Providers are warning they face “massive” legal and reputational risk because the Education and Skills Funding Agency continues to make students choose a sex rather than their gender to enrol on courses.
Currently, the individualised learner record, which providers have to fill in with a student’s information to access funding, mandates learners choose either male or female for their sex.
This means those who recognise as neither male nor female cannot have their decision respected.
ESFA’s attitude to gender could cause legal action
Speaking for Dynamic Training, an independent training provider based in London, finance director Emma Lambert says the issue poses a “massive risk” to providers’ reputations.
“The ESFA’s old fashioned attitude to gender identities not only risks damaging the provider reputation, but it will undoubtedly end up in complaints and possibly legal action, which will be left with the provider to deal with.”
The 2010 Equality Act includes protections for people looking to change their sex and a 2020 employment tribunal ruled those protections apply to people who are not comfortable with being either male or female.
While learners are prohibited from choosing their gender in the ILR, the new FE workforce data collection includes a question on gender which allows staff members to select either male or female, “identifies in another way” or prefers not to say.
The Higher Education Statistics Agency’s information on students’ sex also lists options for sex including male, female, other or not known.

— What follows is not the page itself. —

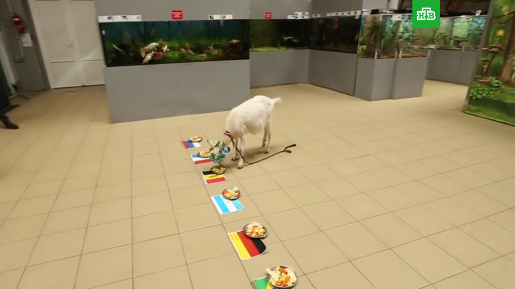 Забияке предложили выбрать победителя среди команд России, Франции, Аргентины, Бельгии, Германии и Бразилии. Отмечается, что коза, не сомневаясь, выбрала миску, на которой был изображен флаг Бельгии. После этого Забияка пожевала корм из соседней чашки с флагом Франции, передает «Интерфакс».
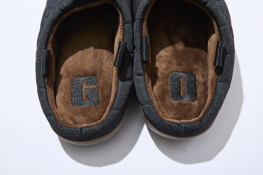 アッパーの印象的なデザイン、落ち着いた2トーンカラーのみならず、フットベッドの左右にGとOのロゴマークが刺繍されているのも注目。自宅やキャンプサイトで脱いでも存在感を発揮してくれます。

The ESFA does acknowledge in the ILR data collection specification there is “interest to be able to receive protected characteristics of learners such as gender”.

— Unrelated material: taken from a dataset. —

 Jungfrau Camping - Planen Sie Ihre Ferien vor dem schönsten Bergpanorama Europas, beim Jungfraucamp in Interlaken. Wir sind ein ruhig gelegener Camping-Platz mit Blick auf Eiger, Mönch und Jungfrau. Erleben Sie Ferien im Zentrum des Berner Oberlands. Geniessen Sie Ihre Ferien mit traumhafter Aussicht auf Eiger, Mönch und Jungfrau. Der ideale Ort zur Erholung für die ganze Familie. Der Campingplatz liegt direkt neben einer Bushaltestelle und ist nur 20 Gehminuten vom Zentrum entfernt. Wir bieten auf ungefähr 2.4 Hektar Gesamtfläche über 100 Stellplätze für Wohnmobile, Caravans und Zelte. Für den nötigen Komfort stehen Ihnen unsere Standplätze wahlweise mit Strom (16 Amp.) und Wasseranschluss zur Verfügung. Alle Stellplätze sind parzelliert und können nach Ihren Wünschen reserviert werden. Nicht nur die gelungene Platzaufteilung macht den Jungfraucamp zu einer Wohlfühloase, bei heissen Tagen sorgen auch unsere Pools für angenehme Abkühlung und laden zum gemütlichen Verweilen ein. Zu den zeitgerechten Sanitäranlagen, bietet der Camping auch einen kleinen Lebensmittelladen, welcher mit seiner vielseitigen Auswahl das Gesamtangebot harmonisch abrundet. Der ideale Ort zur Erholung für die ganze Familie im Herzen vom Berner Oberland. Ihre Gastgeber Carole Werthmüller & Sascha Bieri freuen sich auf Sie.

But guidance published by the agency said it did not have an operational use for these characteristics which “justifies increasing the administrative burden”.

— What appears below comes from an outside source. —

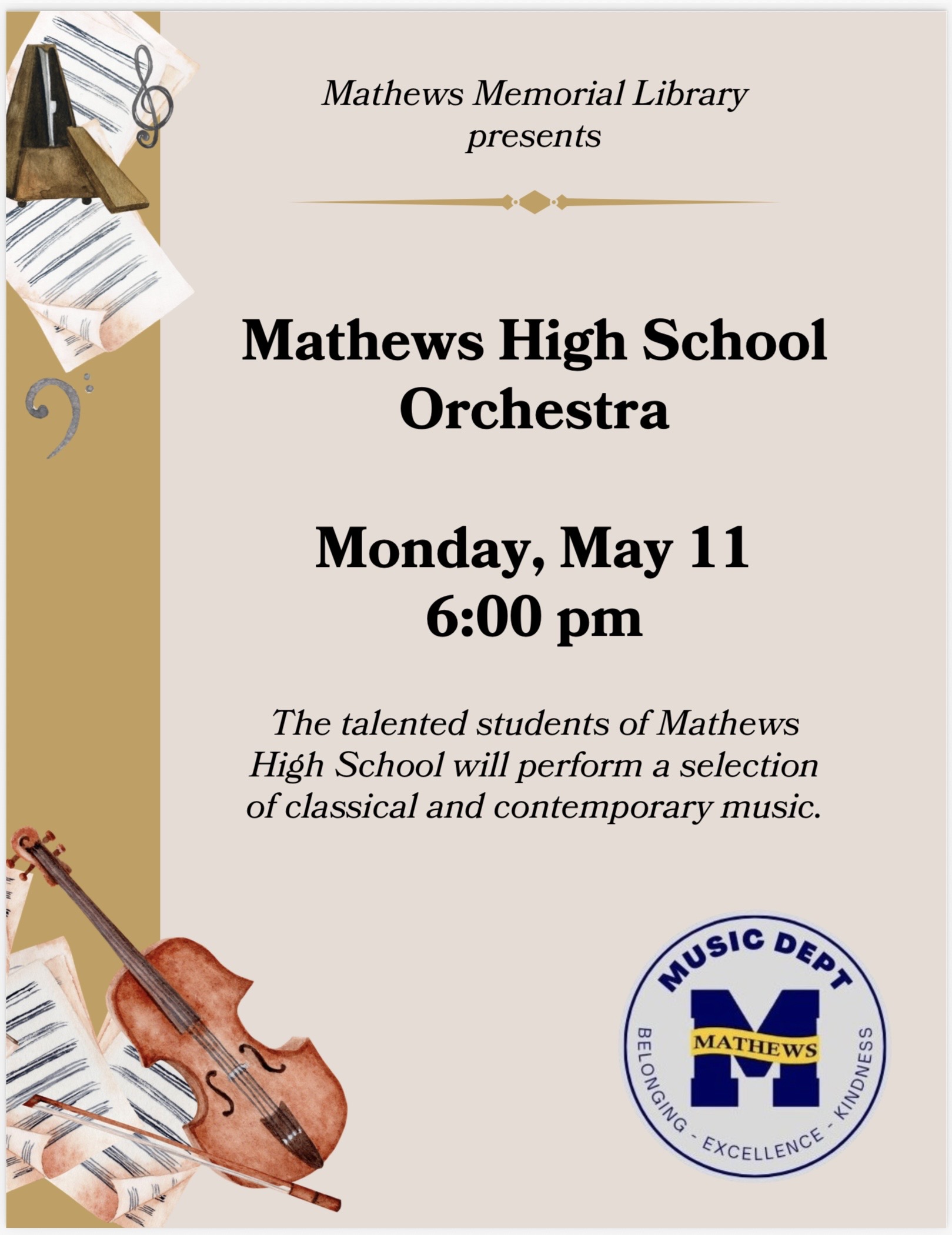Mathews Memorial Library 251 Main Street, Mathews, VA, United StatesMathews Memorial Library invites you to support our student musicians by attending this free event! MHS Orchestra 2026

It instead insists the “onus” is on providers to collect this data.
Dynamic, which provides apprenticeships including for NHS nurses and functional skills courses for the Greater London Authority, believes enabling learners’ gender identity to be recognised is “one small step that can have a positive impact on apprentices”.
Lambert says they ask learners what pronouns they use and manually enter it into documents, “because there’s no way on the ILR system you can put anything other than male or female”.
She is “frustrated” by the lack of action from the ESFA, because of the risks to providers, but also because “I think it’s wrong anyhow” to not let learners select their gender.
The provider has raised the problem multiple times with the ESFA helpdesk, but has only ever received non-committal answers.
‘Wouldn’t be difficult’ to change ILR form
But it is not just providers who ought to be worried about legal action.
FE funding and data expert Steve Hewitt, who raised this problem with the ILR in an opinion piece for FE Week two years ago, says the narrow selection of options leaves the DfE open to a direct discrimination claim.
He supposes that if someone tries to enrol at a college but refuses to choose either male or female, the college could say they will have to charge them the full fee for the course.
“At which point, they are directly discriminating against somebody purely because of their gender identity.”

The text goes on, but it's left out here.